Geometry-induced azimuthal anisotropy in coherent $J/\psi$ photoproduction

TL;DR

This paper shows that azimuthal anisotropy in coherent J/psi photoproduction during peripheral heavy-ion collisions can originate solely from initial electromagnetic field geometry, not hydrodynamic flow, providing a new way to distinguish initial and medium effects.

Contribution

It demonstrates that initial electromagnetic field geometry causes azimuthal anisotropy in coherent J/psi production, challenging the assumption that such anisotropy solely indicates hydrodynamic flow.

Findings

Predicted azimuthal asymmetry matches STAR data.

The asymmetry depends on collision centrality and energy.
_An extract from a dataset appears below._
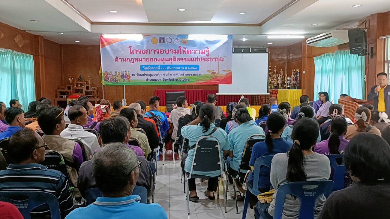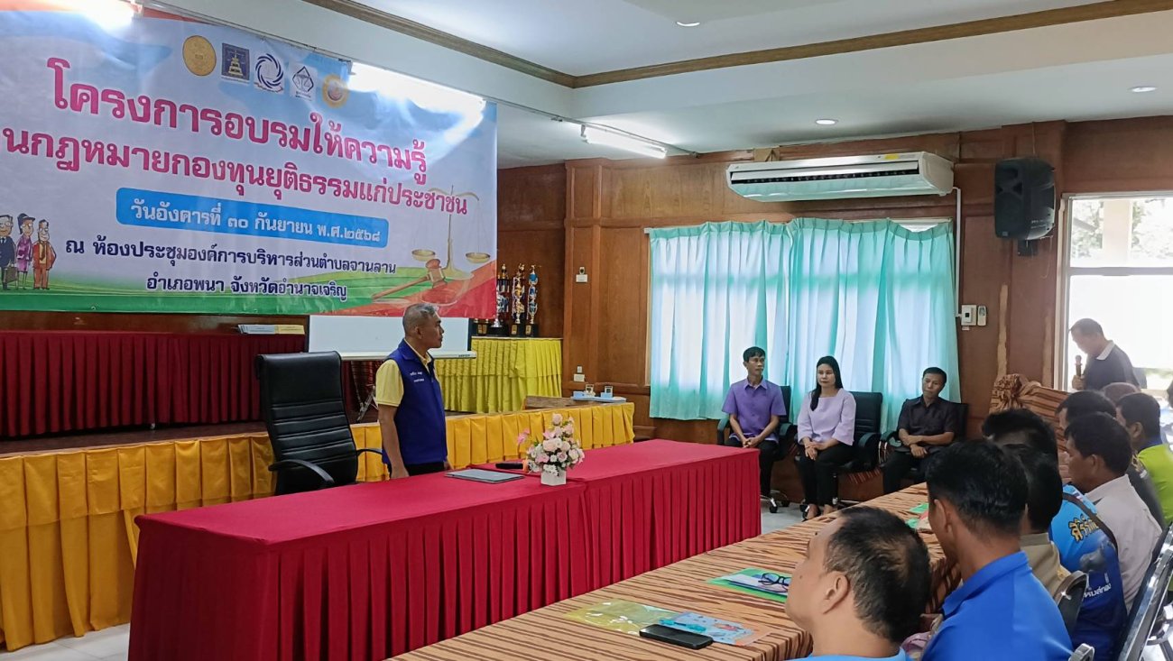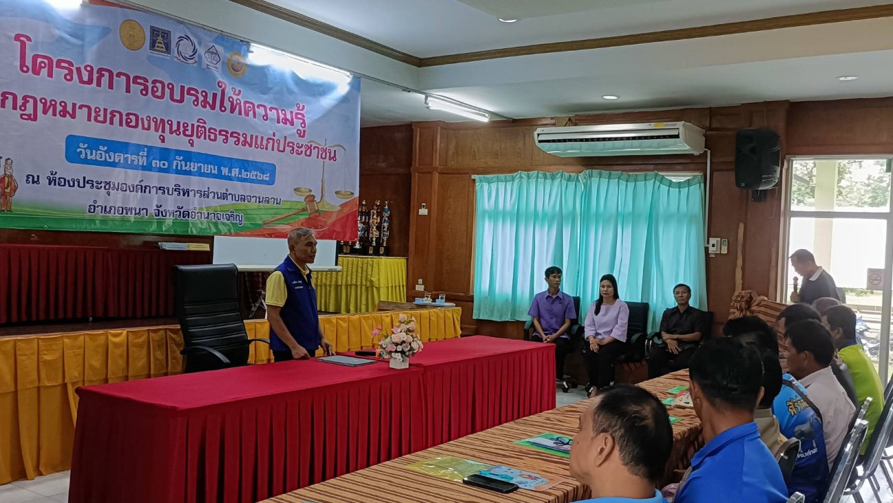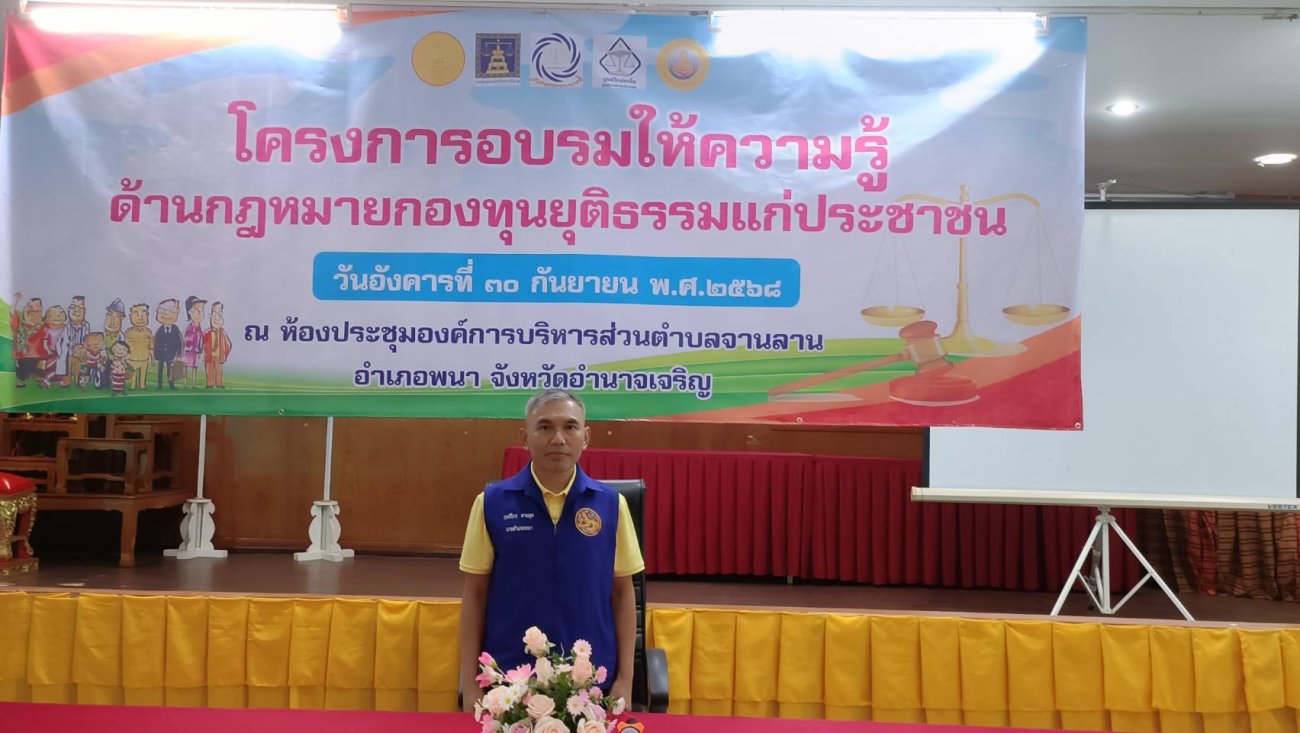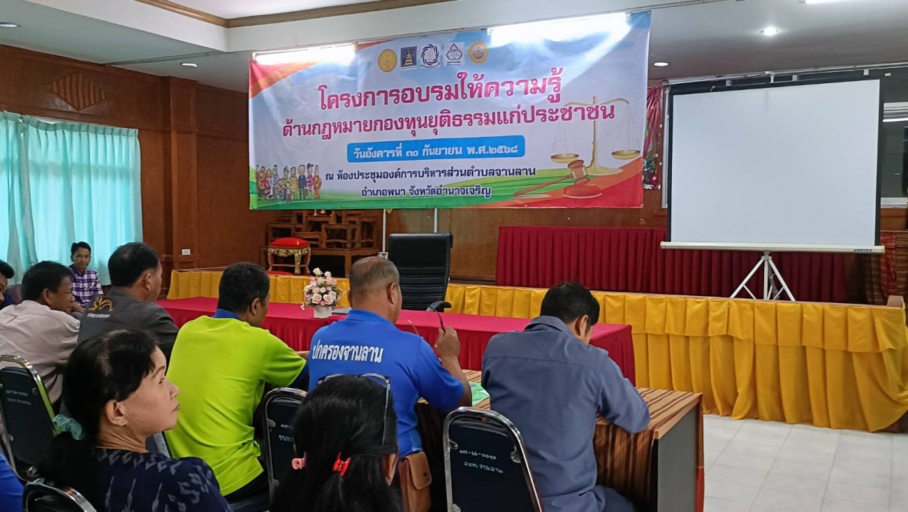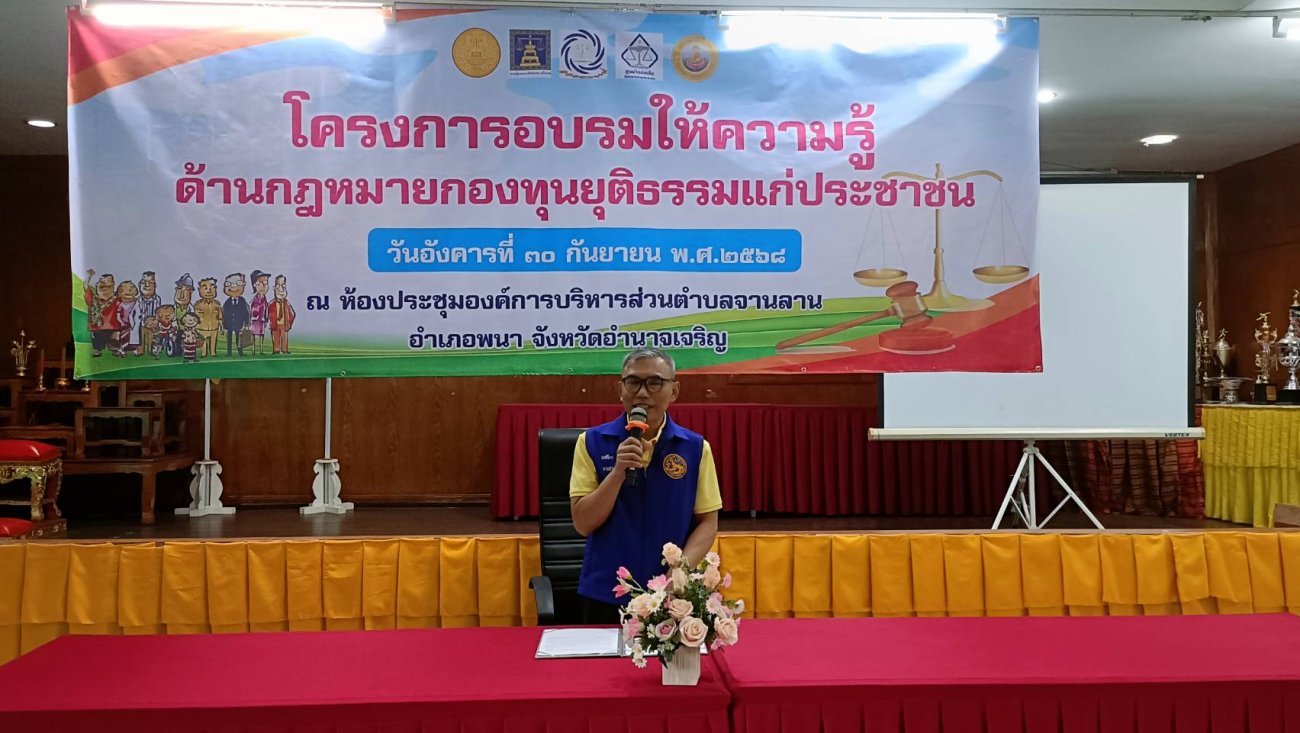 30 กันยายน 2568 เวลา 09.00 น. ณ หอประชุมสภาองค์การบริหารส่วนตำบลจานลาน นายฤทธิไกร สายสุด นายอำเภอพนา เป็นประธาน พิธีเปิดโครงการอบรมให้ความรู้ด้านกฎหมายกองทุนยุติธรรมแก่ประชาชน โดย สำนักงานยุติธรรมจังหวัดอำนาจเจริญ ร่วมกับ องค์การบริหารส่วนตำบลจานลาน และ ศูนย์ไกล่เกลี่ยข้อพิพาทภาคประชาชนจัดโครงการอบรมให้ความรู้ด้านกฎหมายกองทุนยุติธรรมแก่ประชาชน โดยมีวัตุประสงค์เพื่อส่งเสริมประชาชนและสนับสนุนประชาชนได้รับความรู้ด้านกฎหมาย สามารถเข้าถึงกระบวนการยุติธรรม ลดความเหลื่อมล้ำทางสังคม ตลอดจนส่งเสริมให้ศุนย์ไกล่เกลี่ยข้อพิพาทภาคประชาชน สามารถดำเนินการไกล่เกลี่ยข้อพิพาท ได้อย่างเป็นระบบและมีมาตรฐานตามพระราชบัญญัติการไกล่เกลี่ยข้อพิพาท พ.ศ. 2562 โดยมีผู้เข้าร่วมโครงการฯ ประกอบด้วยผู้นำชุมชน อาสาสมัครสาธารณสุขและประชาชนในพื้นที่ตำบลจานลาน จำนวน 100 คน

Electromagnetic effects can mimic flow signatures.

Abstract

Azimuthal anisotropies in heavy-ion collisions are conventionally interpreted as signatures of hydrodynamic flow. We demonstrate that in peripheral collisions, a significant $\cos 2\phi$ asymmetry in the decay leptons of coherently photoproduced $J/\psi$ mesons arises purely from the initial-state geometry of the nuclear electromagnetic field. This modulation originates from the linear polarization of coherent photons, which is radially aligned in impact parameter space and transferred to the vector meson. By employing light-cone perturbation theory within the dipole formalism, we calculate the centrality dependence of this asymmetry for collisions at RHIC and LHC energies. Our predictions quantitatively reproduce STAR data. This observable thus provides a rigorous benchmark for distinguishing electromagnetic initial-state effects from collective medium dynamics.